Ideal pipe for streaming live with minimal delay
Edward Hervey
bilboed at gmail.com
Wed Mar 14 01:21:39 PDT 2012
On Tue, 2012-03-13 at 21:40 +0100, Wim Taymans wrote:
> On 03/13/2012 08:59 PM, W.A. Garrett Weaver wrote:
> > You are right about latency being either from the network or the
> > sender. In my case it is from the sender. Changing the sender script
> > dramatically reduced latency. The thing that was changed was adjusting
> > the speed-preset option in the x264enc. My latest sender script is:
> >
> > gst-launch-0.10 v4l2src ! 'video/x-raw-yuv,width=640,height=480' !
> > x264enc bitrate=500 speed-preset=superfast ! rtph264pay ! udpsink
> > host=244.1.1.1 port=5000 auto-multicast=true
>
> If you are using x264enc you should consider using tune=zerolatency as well.
To expand on that, what Wim is pointing out is that there is a
difference between processing speed and latency.

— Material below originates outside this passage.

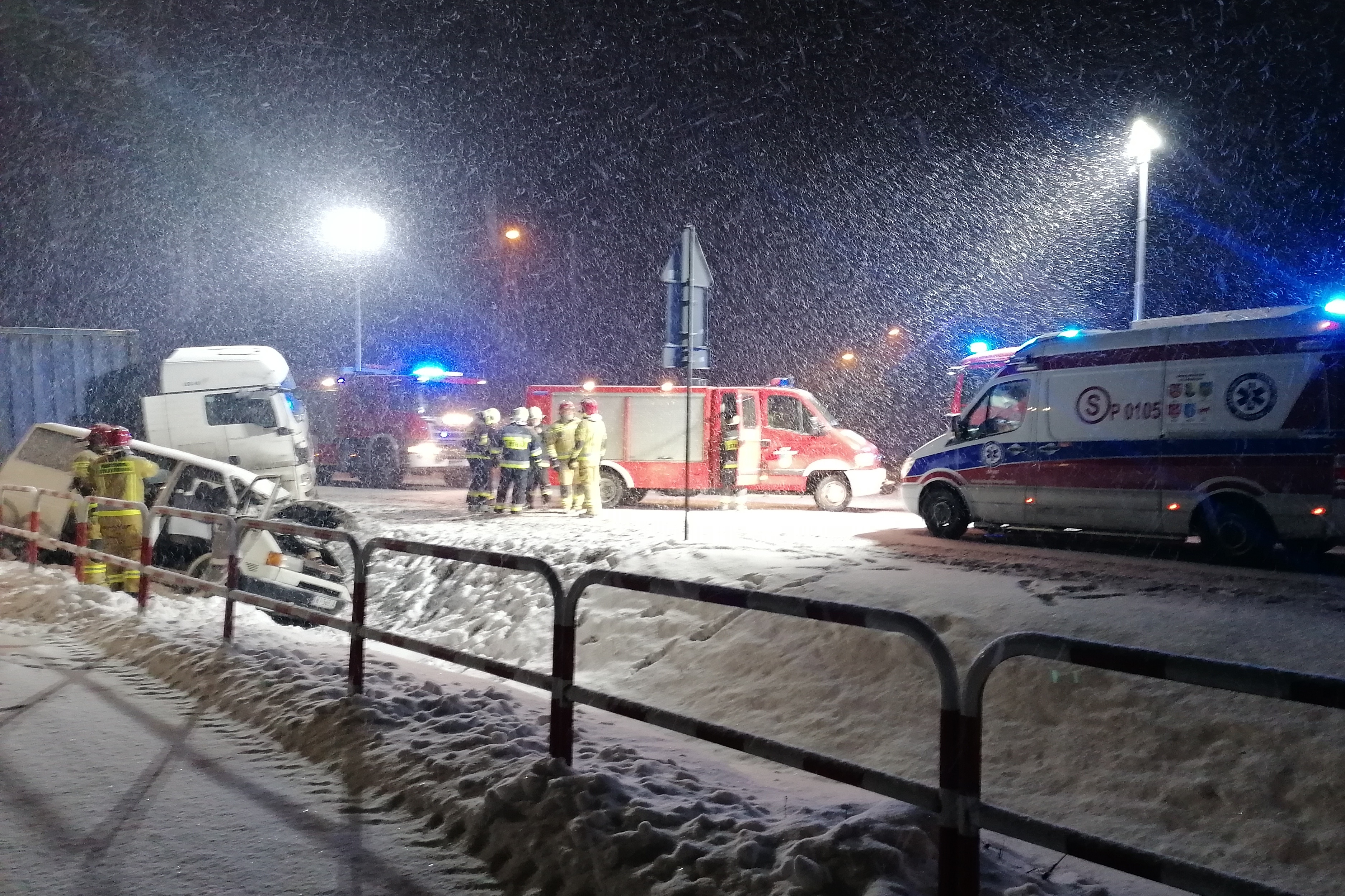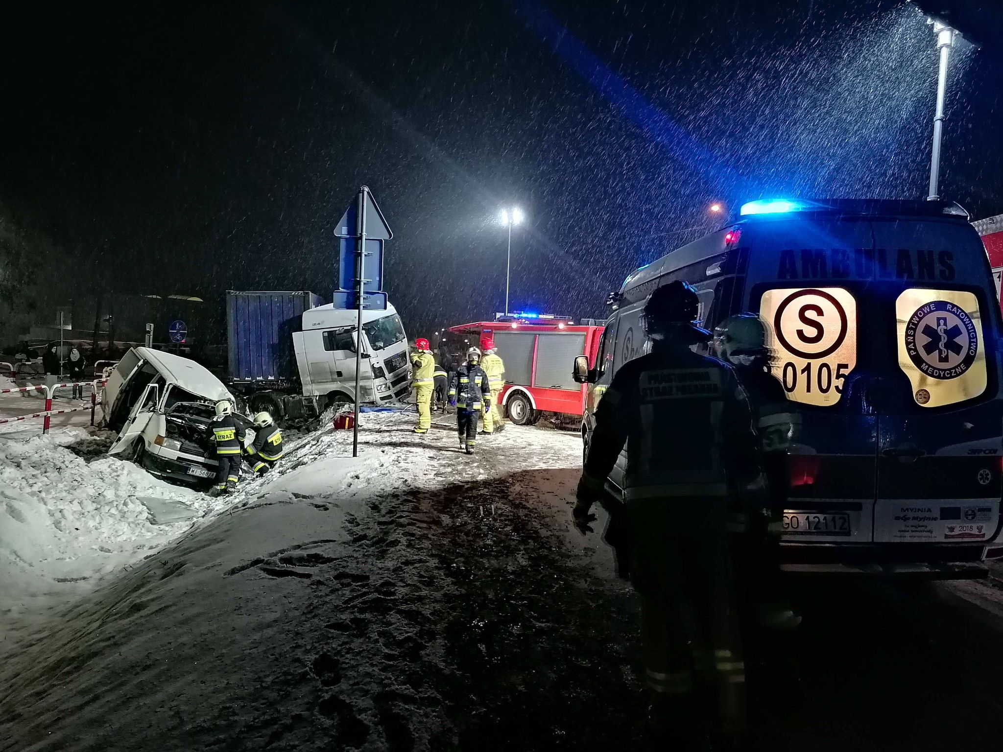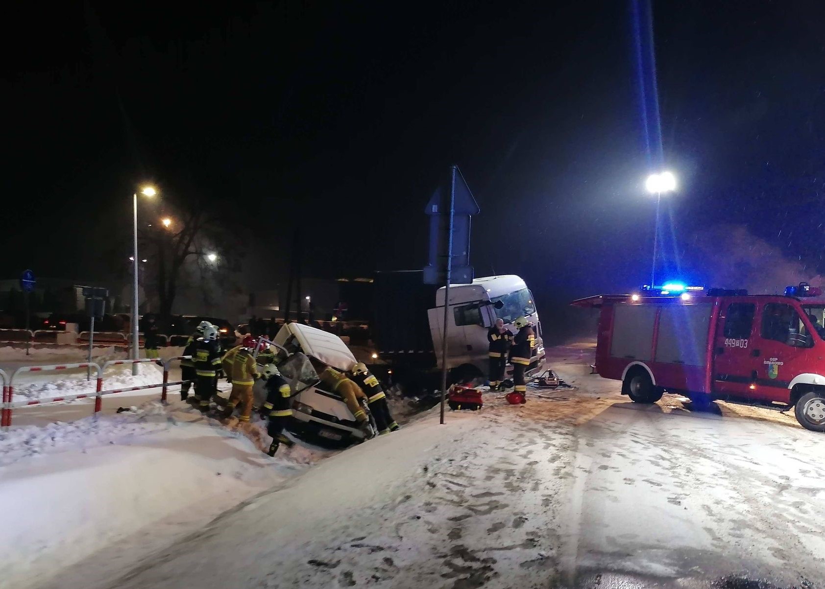 Na miejsce zdarzenia zadsyponowano łacznie 4 zastępy z: Jednostki Ratowniczo - Gaśniczej w Grodzisku Wlkp. i OSP Granowo. Po przybyciu na miejscu zastanowo ciągnik siodłowy z naczepą oraz bus w przydrożnym rowie. Kierowca cięzarówki bez obrażeń opuścił pojazd o własnych siłach. Busem podróżował jedynie kierowca, który był obywatelem Gruzji, pozostawał on ranny w pojeździe. Działania przybyłych jednostek polegały na: zabezpieczeniu miejsca zdarzenia, oświetleniu terenu akcji, użyciu narzędzi hydralicznych co w efekcie pozwoliło w dalszej kolejności umieścić poszkodowanego na desce ortopedycznej i dalej przekazaniu zespołowi ratownictwa medycznego.

What you did only reduced the processing speed... but the encoder was
still using reordered frame encoding (i.e. use the information from
multiple neighboring frames to end up with a potentially better
information-per-bit).
But that doesn't reduce the latency. The encoder will have to delay
the output by the number of reordered frames (which can go quite high,
like 15, 25 or even more frames). So it will only output the encoded
frame X when it received frame X+25.
By using the zerolatency preset, you are essentially telling the
encoder to produce a stream without any reordered frames (i.e. no B
frames), allowing it to push out the encoded frame as soon as it's
processed.
This is the very drastic solution, you could also, depending on what
your goal is, find a middle ground by allowing a lower-than-default
number of reordered frames (3-5), thereby allowing the encoder a chance
to produce a better compression rate while at the same time not
introducing a too high latency.
Summary : processing speed != latency :)
Edward
P.S. You also want to put some queues just after v4l2src and just after
the encoder. Otherwise you are processing everything in one thread. By
adding those queues, you are essentially putting capture, encoding and
payloading/sending into dedicated threads, reducing even more the
latency (the encoder doesn't need to block the capture, and the
payloading/sending doesn't neet to block the encoding and capture).